Pa_string_ME(: "/\\S\*/" :) my_string;

This will match a sequence of zero or more non-space characters and assign it to my_string. Note that if a space occurs immediately, a match still occurs, since we specified that zero characters was OK; my_string would be a string of length zero. The extent is bound be end-of-record/end-of-file, so if there are no spaces before an end-of-record, my_string will end up containing all characters remaining in the record.
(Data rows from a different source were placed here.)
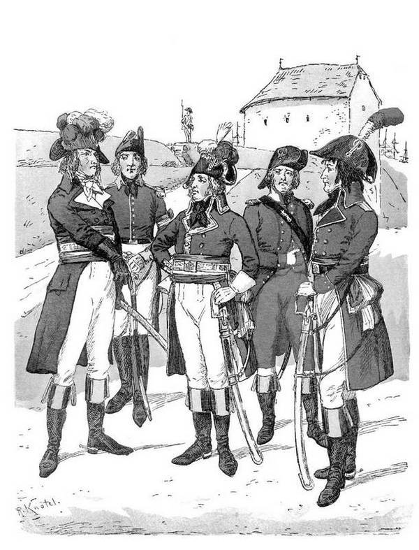 Офицеры республиканской армии в 1793–1794 гг.: уполномоченный народный представитель, адъютант, генерал, морской офицер, военный комиссар. Художник Р. Кнётель
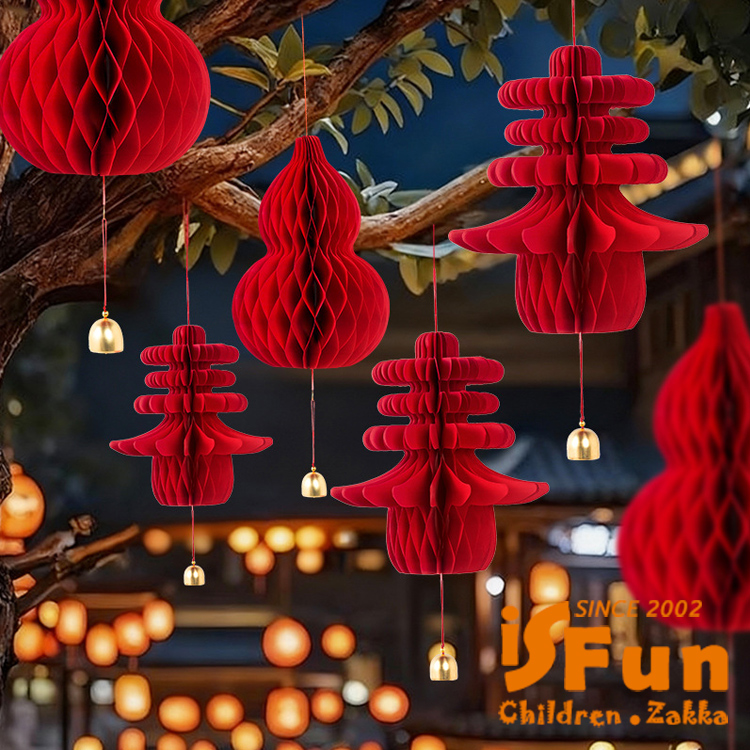 迎新納福新春風格掛飾,蜂窩燈籠展現吉祥,
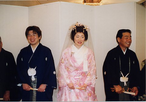 ・平成15年5月24日、大洲市にある、”マリエール大洲”にて梶原家・三好家 の結婚式がありました。父が出席予定でしたが、体調不良で、自分が代役で 出席してきました。新婦とは保育園時代からの同級生です。本当におめでとう ございます。
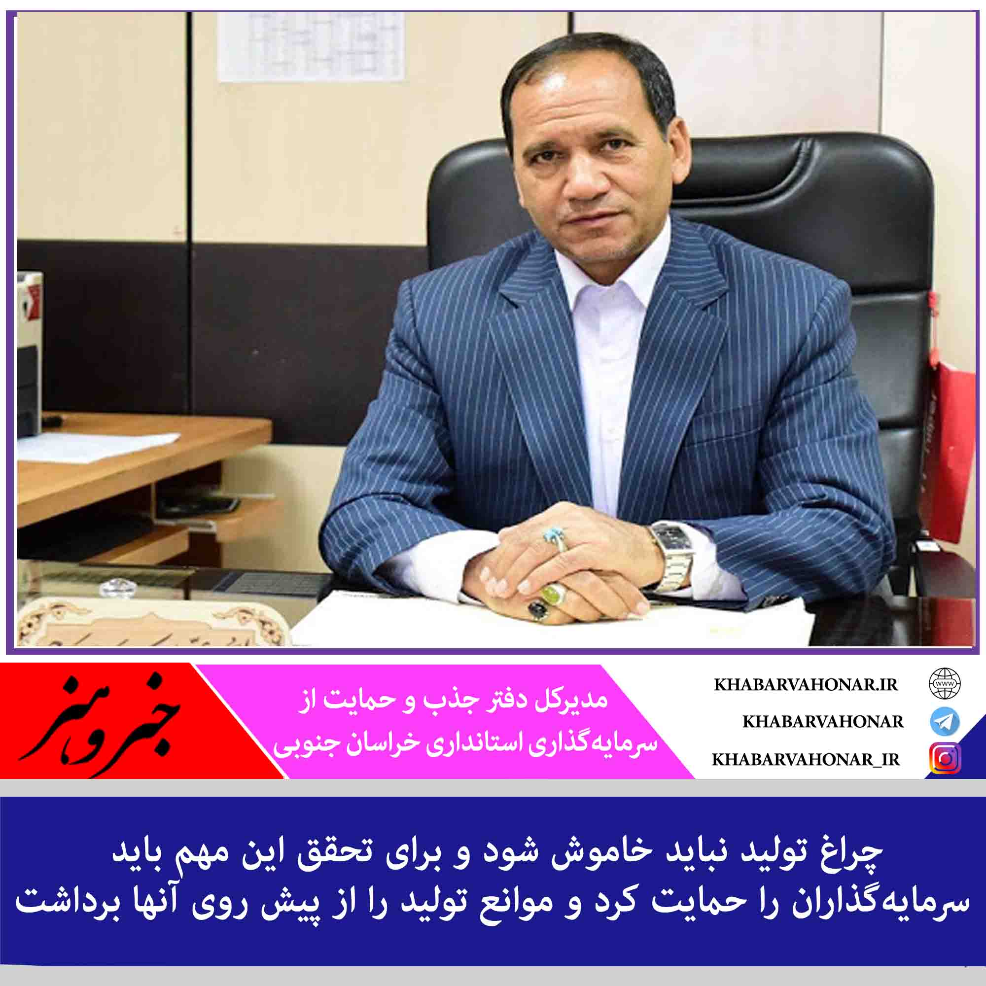 مدیرکل دفتر جذب و حمایت از سرمایهگذاری استانداری خراسان جنوبی گفت: چراغ تولید در بشرویه نباید خاموش شود و برای تحقق این مهم باید سرمایهگذاران را حمایت کرد و موانع تولید را از پیش روی آنها برداشت.
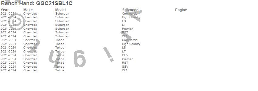Below is an abbreviated list of applications for the Legend Series Grille Guard.Suburban, Tahoe, Chevrolet, 2024, 2023, 2022, 2021
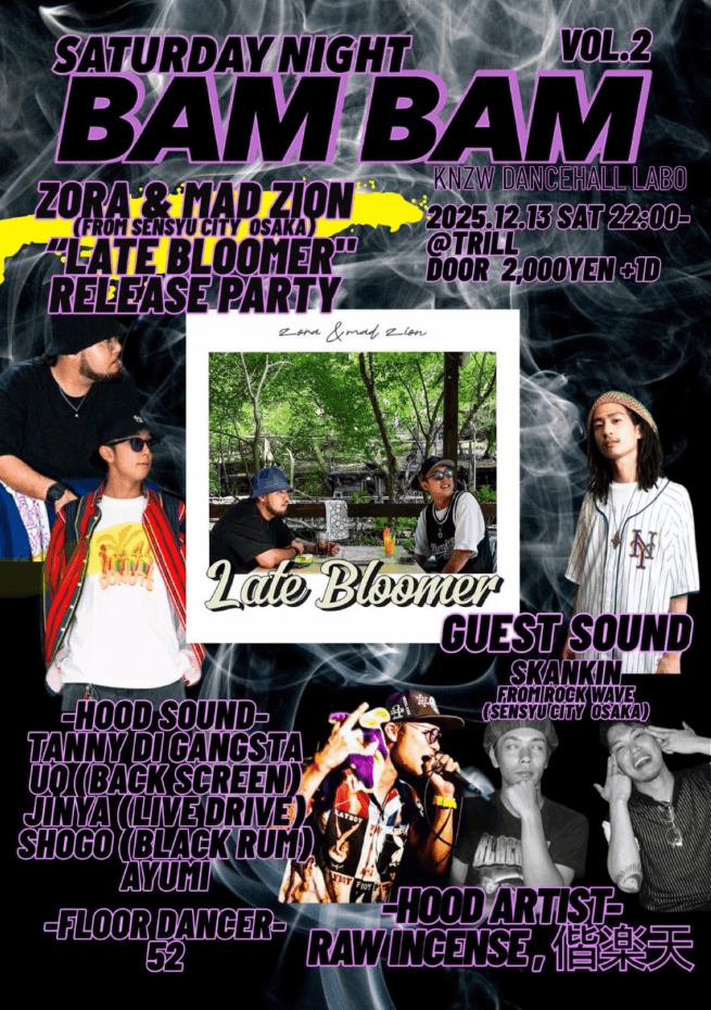 SATURDAY NIGHT BAMBAM vol.2 ZORA & MAD ZION “Late Bloomer” RELEASE PARTY

As a concrete example, if the input at the current IO cursor is hello world when the above string declaration is used to read from the input, my_string will end up containing hello. Note that the space that follows hello is not included, since it does not part of the match.

4.6.4 Pstring_SE

ASCII	EBCDIC	DEFAULT
`Pa_string_SE`	`Pe_string_SE`	`Pstring_SE`

For type Pstring_SE, a regular expression called the stop expression is given, and the extent of the string is the longest sequence of characters starting at the current IO position such that the characters immediately following successfully match the stop expression. None of the characters matching the stop expression are included in the result. For example,

Pa_string_SE(: "/\\s|$/" :) my_string;

The stop expression will match either a space character (due to the backslash-s) or end-of-record/end-of-file (due to the special dollar-sign character). As a result, my_string will end up containing all non-space characters up to (but not including) the first space characer that is found, or up to the end of the current record if no space character is found.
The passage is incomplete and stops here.